Dataset items:
────────────────────────────────────────

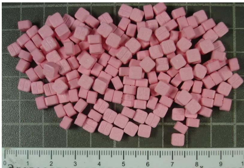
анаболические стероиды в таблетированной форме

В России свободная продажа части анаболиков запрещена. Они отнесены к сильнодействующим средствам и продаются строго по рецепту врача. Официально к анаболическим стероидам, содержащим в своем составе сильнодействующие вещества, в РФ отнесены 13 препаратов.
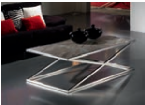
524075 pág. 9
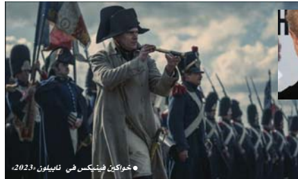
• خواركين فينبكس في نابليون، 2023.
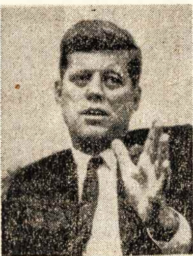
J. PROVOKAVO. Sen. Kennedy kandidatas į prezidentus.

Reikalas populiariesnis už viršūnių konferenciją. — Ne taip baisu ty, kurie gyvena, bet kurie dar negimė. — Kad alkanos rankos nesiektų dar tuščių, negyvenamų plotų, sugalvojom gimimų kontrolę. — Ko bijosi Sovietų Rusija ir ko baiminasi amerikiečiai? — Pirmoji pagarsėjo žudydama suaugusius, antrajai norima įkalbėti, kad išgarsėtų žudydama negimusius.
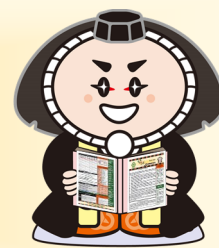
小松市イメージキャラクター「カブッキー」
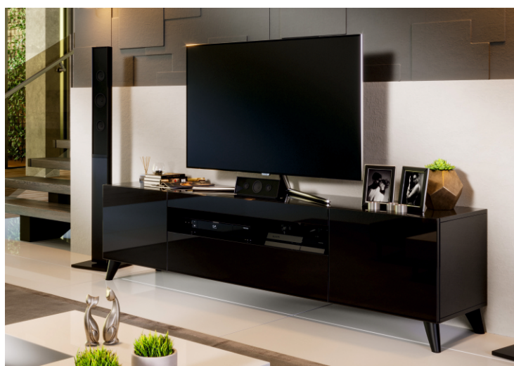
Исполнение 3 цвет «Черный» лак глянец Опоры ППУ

────────────────────────────────────────

(Requirement) Give again, word for word, each line from the one holding "小松市イメージキャラクター「カブッキー」" through the end of the entries, and leave out any picture.

(Written response)
小松市イメージキャラクター「カブッキー」
Исполнение 3 цвет «Черный» лак глянец Опоры ППУ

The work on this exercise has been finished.